» **INPUT RECORDS**
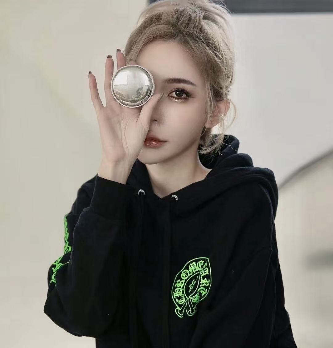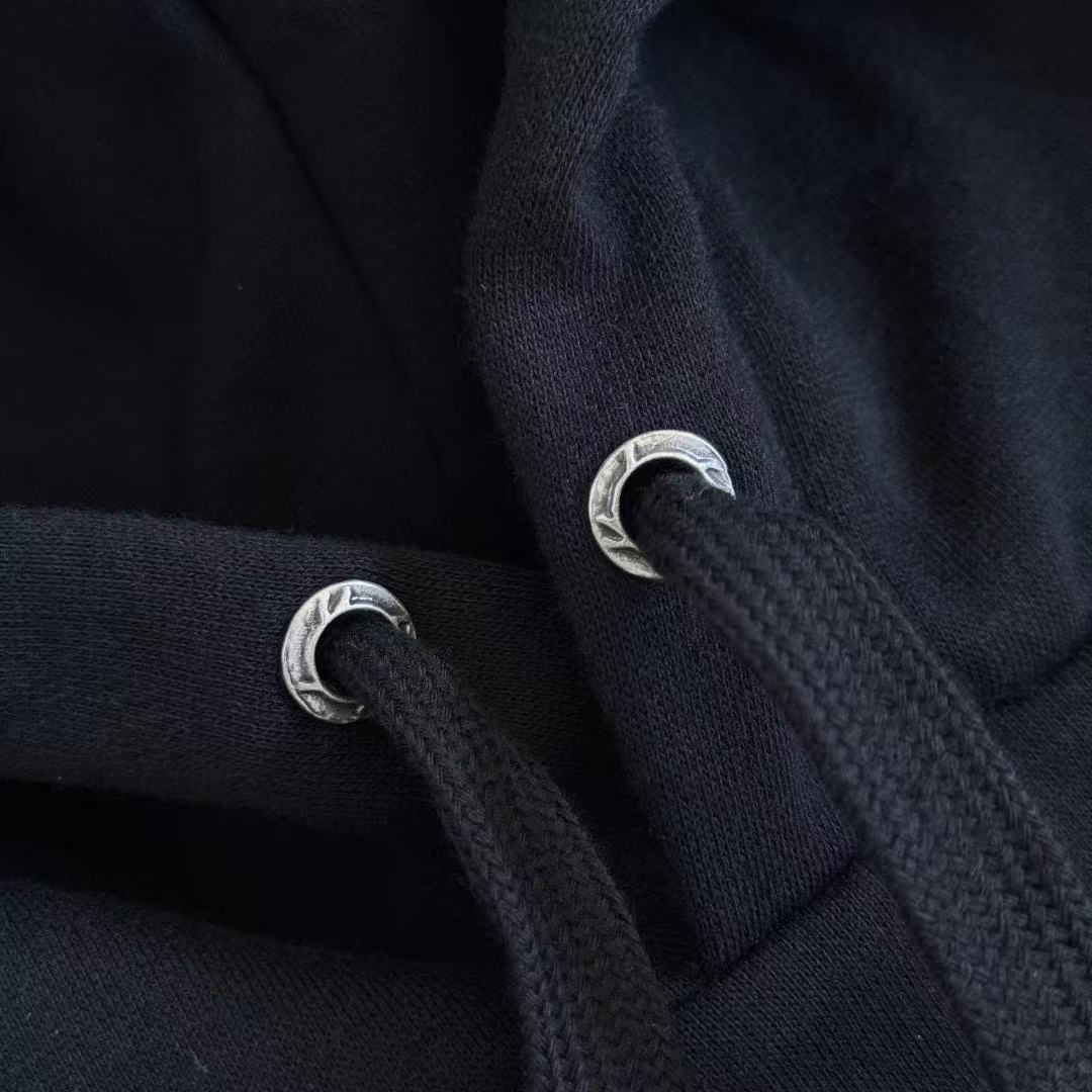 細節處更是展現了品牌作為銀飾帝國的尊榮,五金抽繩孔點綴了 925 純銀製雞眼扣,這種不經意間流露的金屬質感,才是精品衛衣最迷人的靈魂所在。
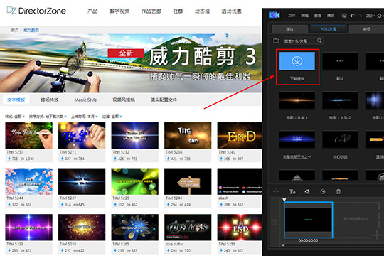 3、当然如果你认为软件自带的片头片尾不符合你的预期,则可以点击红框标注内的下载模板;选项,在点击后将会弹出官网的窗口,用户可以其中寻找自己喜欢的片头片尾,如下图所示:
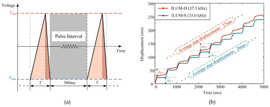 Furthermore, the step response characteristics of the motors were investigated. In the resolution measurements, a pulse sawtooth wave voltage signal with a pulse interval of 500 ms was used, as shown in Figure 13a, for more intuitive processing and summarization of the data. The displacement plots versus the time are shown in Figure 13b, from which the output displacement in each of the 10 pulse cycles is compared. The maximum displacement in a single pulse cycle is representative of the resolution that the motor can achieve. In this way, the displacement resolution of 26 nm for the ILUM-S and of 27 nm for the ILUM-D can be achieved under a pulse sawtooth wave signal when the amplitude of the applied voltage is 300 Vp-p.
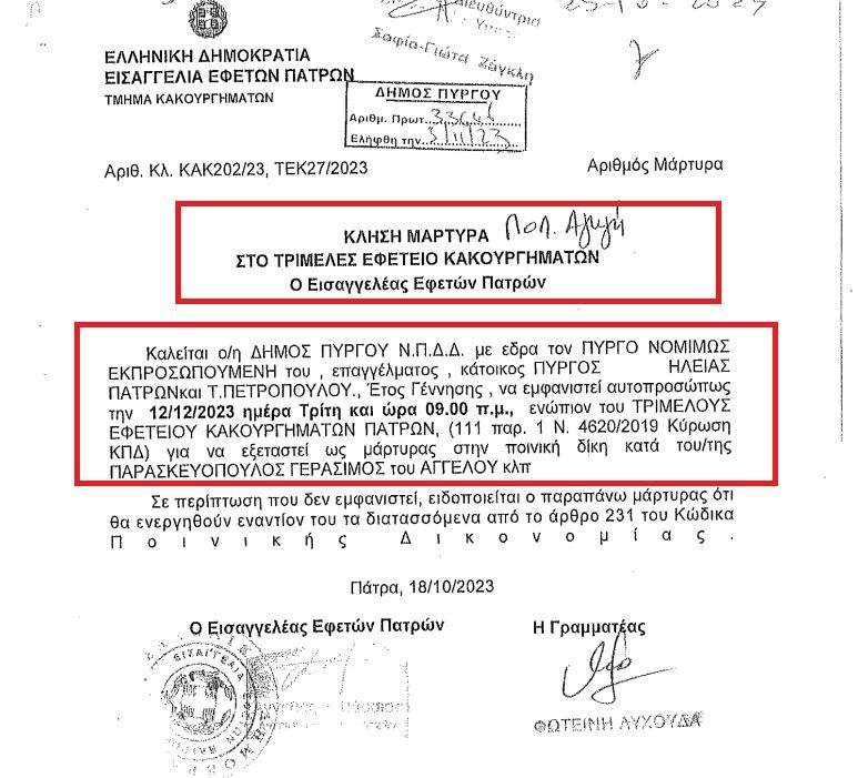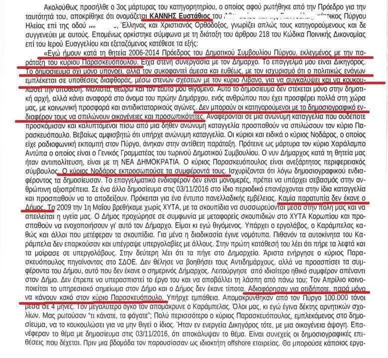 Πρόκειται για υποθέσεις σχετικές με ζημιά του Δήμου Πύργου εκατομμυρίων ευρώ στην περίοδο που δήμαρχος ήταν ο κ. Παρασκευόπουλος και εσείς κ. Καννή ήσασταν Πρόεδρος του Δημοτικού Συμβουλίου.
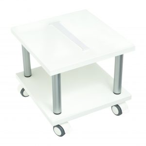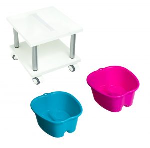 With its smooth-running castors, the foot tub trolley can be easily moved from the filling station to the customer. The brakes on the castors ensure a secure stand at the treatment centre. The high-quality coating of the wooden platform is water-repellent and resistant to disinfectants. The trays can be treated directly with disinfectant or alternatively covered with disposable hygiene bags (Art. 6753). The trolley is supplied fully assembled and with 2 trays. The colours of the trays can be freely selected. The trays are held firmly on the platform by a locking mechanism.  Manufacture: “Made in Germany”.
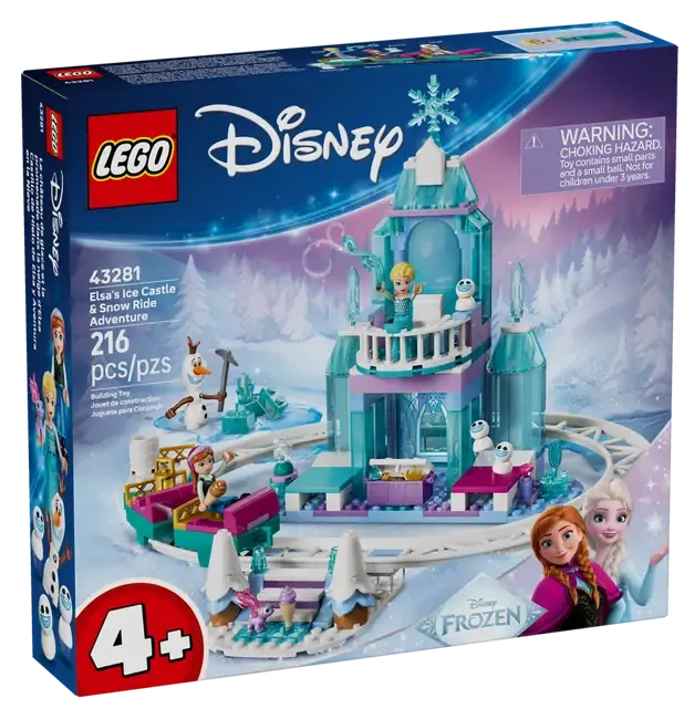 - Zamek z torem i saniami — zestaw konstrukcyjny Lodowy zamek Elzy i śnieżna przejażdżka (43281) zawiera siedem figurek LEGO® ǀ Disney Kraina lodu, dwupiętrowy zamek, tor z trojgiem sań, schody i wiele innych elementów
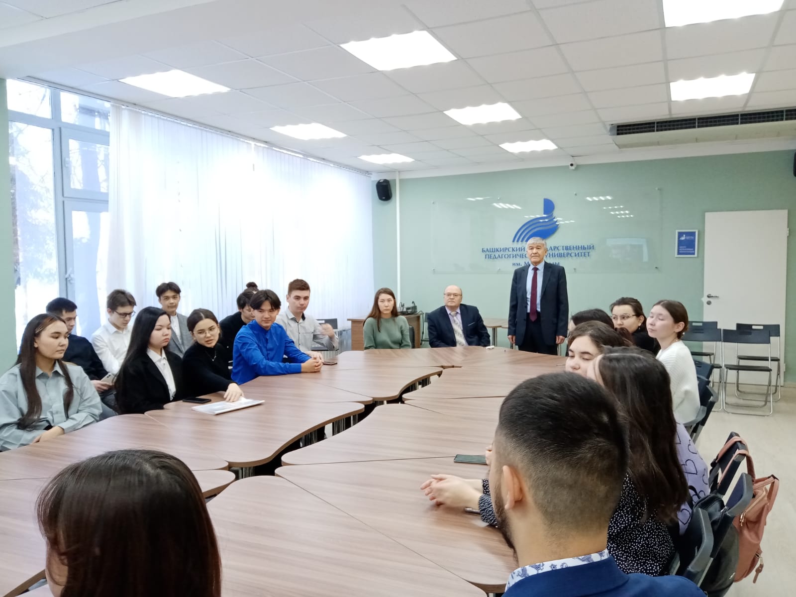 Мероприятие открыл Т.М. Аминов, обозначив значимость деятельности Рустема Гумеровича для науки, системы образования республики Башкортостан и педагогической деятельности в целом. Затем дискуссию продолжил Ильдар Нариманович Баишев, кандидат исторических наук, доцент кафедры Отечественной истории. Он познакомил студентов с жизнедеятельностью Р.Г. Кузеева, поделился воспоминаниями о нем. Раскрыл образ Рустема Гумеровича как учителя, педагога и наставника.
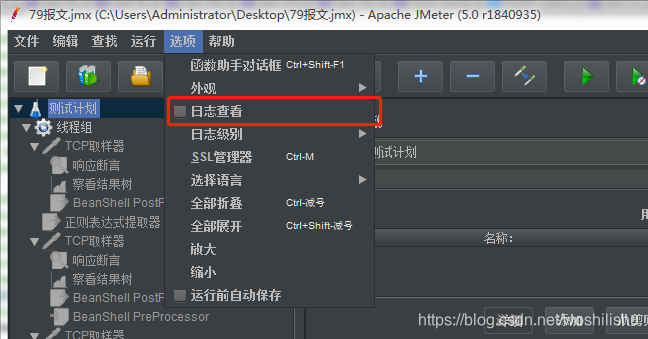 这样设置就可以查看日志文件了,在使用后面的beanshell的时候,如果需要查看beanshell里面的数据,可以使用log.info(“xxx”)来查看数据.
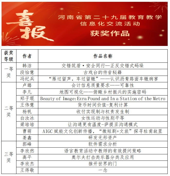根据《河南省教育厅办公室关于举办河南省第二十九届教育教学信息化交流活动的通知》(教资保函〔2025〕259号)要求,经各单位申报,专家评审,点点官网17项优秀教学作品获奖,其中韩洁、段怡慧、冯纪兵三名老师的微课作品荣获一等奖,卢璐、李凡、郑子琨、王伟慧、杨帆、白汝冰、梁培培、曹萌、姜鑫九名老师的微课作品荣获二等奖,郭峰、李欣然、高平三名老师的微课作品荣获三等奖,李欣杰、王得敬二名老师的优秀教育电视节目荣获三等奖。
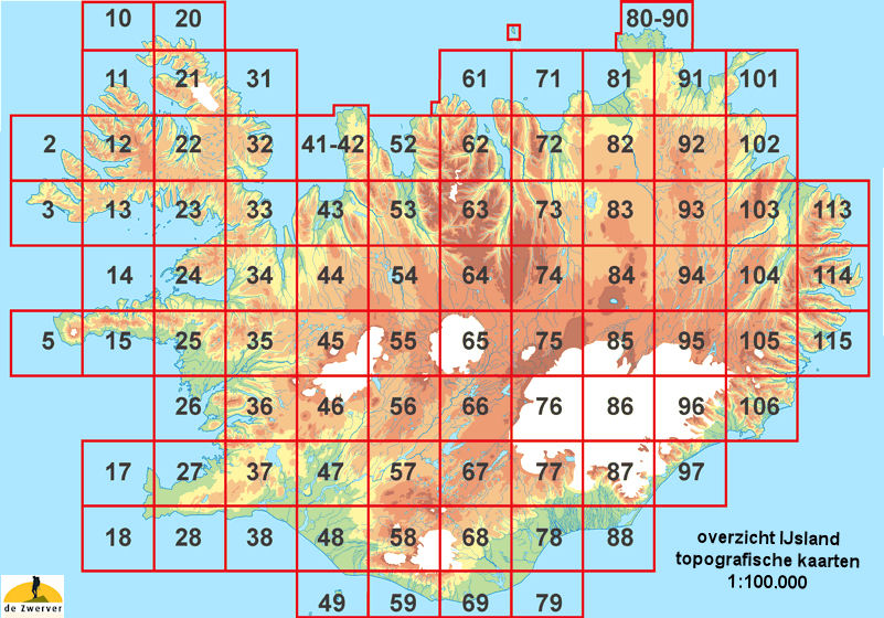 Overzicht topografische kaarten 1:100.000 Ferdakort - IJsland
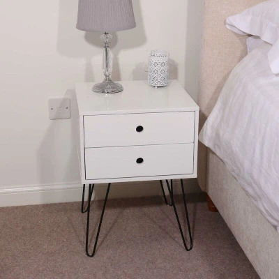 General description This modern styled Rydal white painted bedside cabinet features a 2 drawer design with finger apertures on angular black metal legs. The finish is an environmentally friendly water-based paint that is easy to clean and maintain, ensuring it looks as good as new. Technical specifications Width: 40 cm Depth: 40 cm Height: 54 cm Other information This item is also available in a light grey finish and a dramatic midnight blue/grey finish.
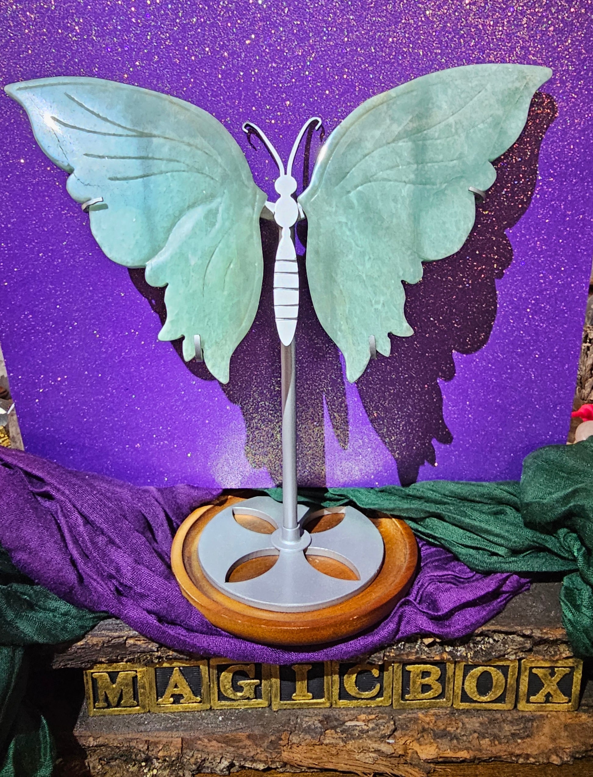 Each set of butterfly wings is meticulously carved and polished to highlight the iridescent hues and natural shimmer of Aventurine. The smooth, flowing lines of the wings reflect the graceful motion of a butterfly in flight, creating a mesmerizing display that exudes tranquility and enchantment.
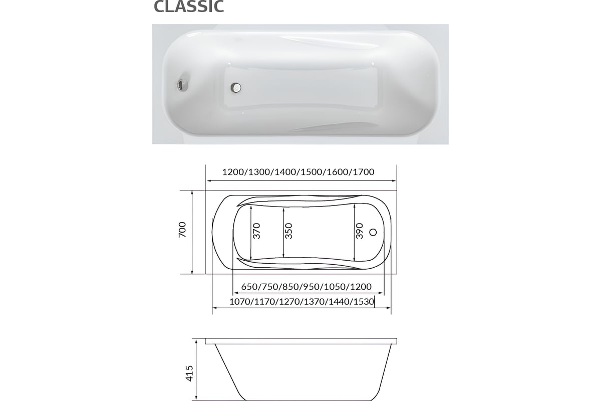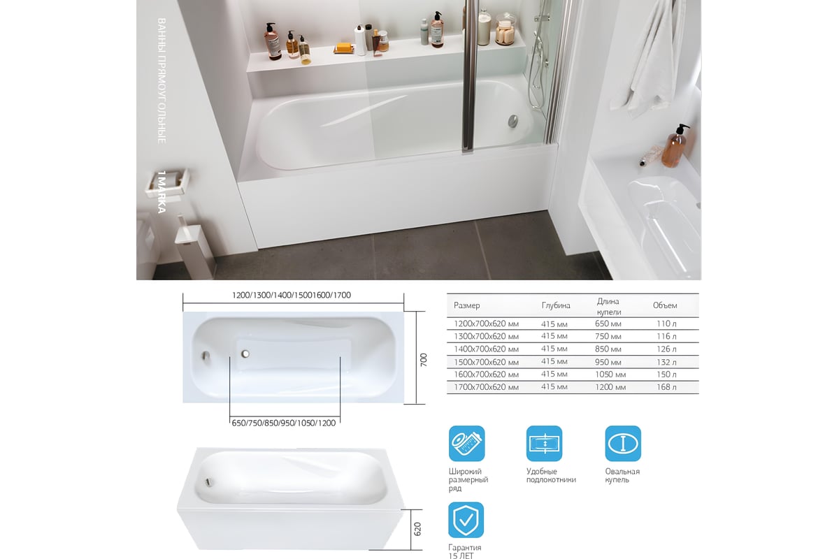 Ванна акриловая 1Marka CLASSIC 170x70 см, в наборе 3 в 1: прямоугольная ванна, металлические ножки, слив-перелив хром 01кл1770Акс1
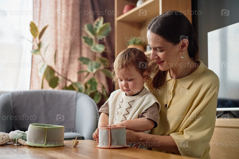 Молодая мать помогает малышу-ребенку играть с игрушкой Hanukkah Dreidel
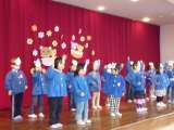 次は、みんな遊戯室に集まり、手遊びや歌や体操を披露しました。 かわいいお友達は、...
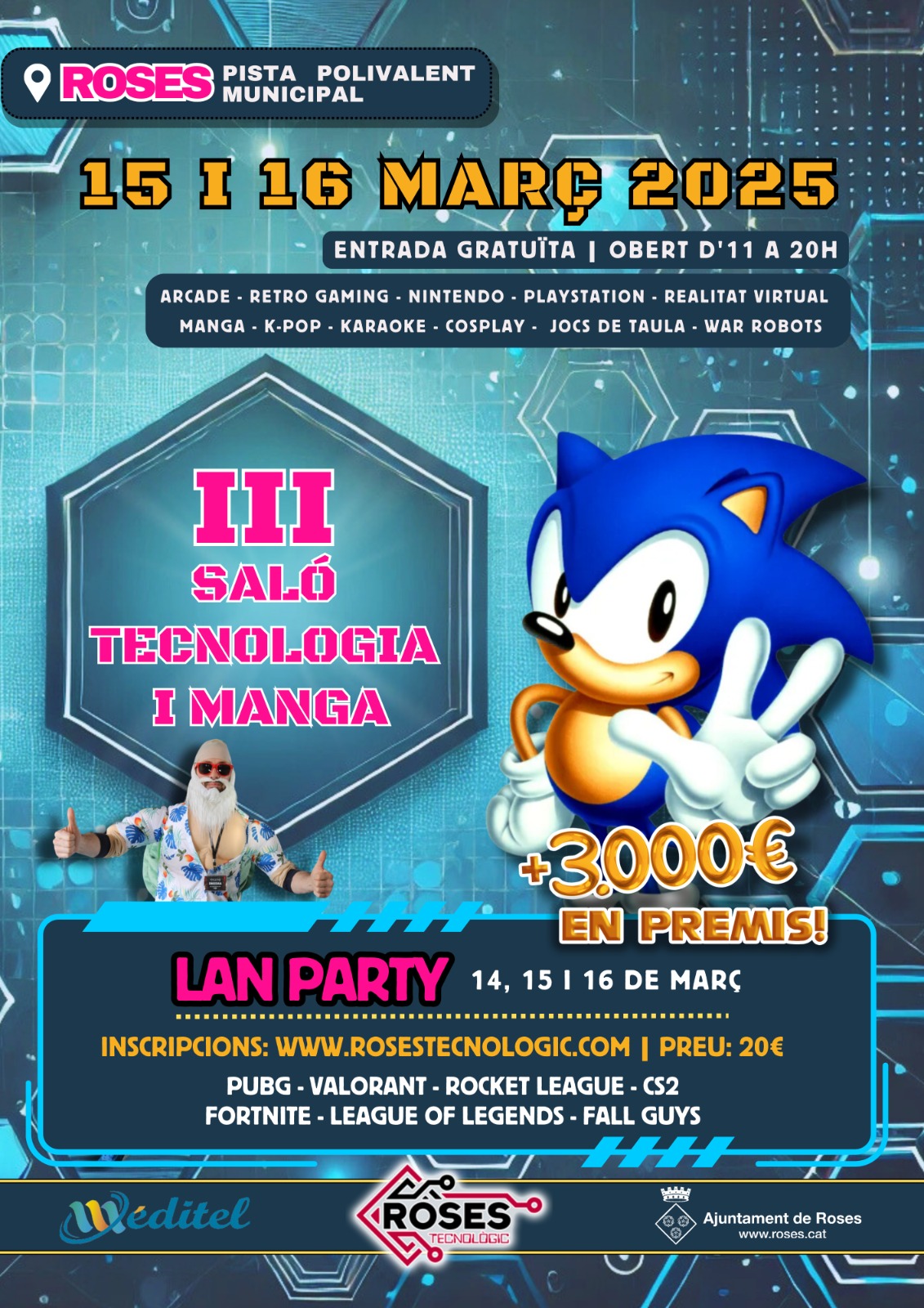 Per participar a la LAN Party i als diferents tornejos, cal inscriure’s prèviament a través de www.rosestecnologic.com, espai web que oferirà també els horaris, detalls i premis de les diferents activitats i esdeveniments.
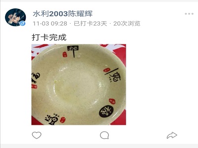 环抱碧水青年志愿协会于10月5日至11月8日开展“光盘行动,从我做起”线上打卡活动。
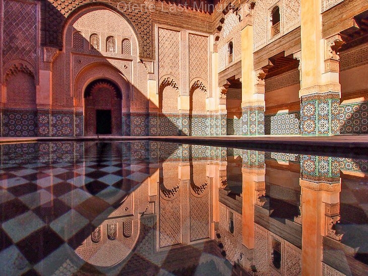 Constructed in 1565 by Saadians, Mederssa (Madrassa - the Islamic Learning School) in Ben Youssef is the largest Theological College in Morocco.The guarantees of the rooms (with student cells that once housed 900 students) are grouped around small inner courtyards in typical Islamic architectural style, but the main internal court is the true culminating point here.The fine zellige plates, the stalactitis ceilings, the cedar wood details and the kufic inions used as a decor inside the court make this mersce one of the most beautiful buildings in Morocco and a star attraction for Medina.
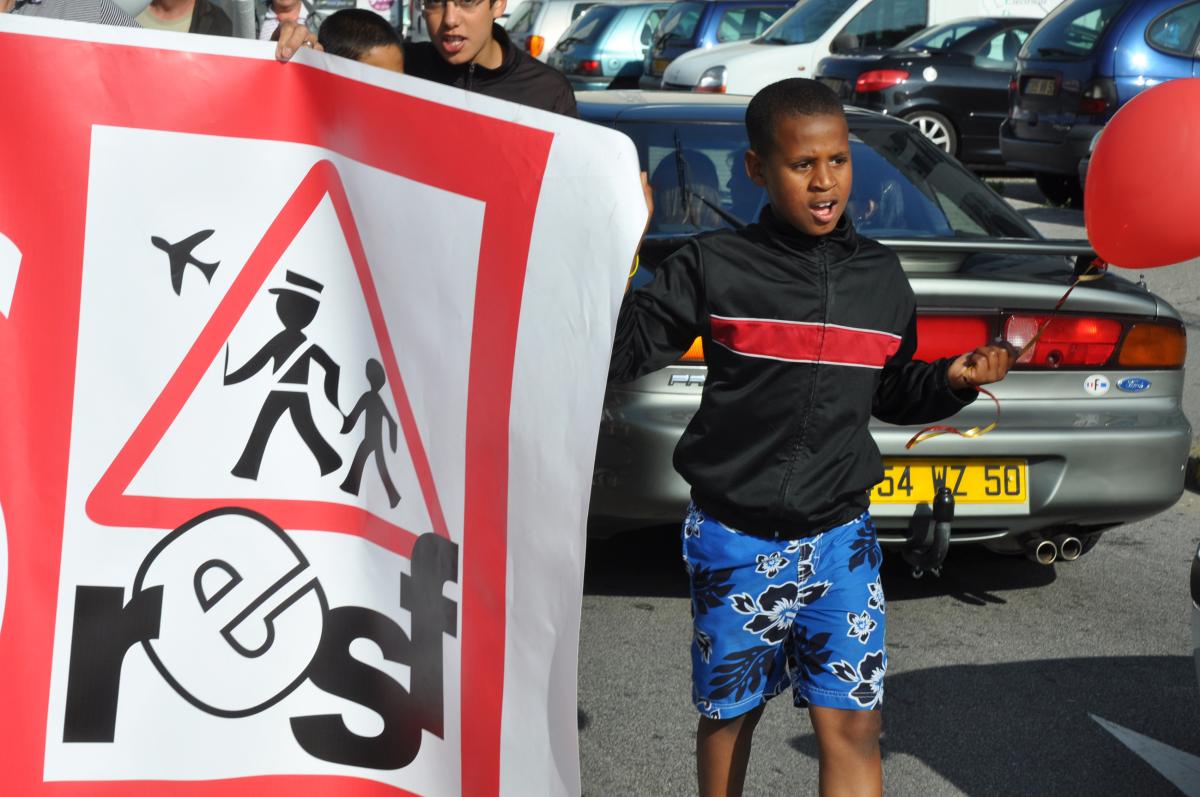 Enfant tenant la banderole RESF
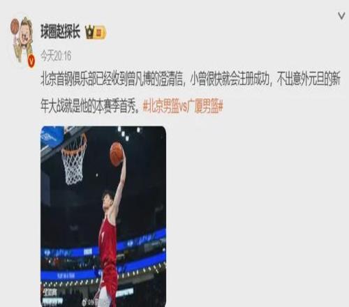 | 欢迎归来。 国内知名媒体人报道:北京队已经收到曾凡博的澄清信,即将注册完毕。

» **ACTIVITY**
Drop the pictures; return the lines above from the line containing "Each set of" to the line containing "次は、みんな遊戯室に集まり、", both included, exactly.

» **SOLUTION BELOW**
 Each set of butterfly wings is meticulously carved and polished to highlight the iridescent hues and natural shimmer of Aventurine. The smooth, flowing lines of the wings reflect the graceful motion of a butterfly in flight, creating a mesmerizing display that exudes tranquility and enchantment.
 Ванна акриловая 1Marka CLASSIC 170x70 см, в наборе 3 в 1: прямоугольная ванна, металлические ножки, слив-перелив хром 01кл1770Акс1
 Молодая мать помогает малышу-ребенку играть с игрушкой Hanukkah Dreidel
 次は、みんな遊戯室に集まり、手遊びや歌や体操を披露しました。 かわいいお友達は、...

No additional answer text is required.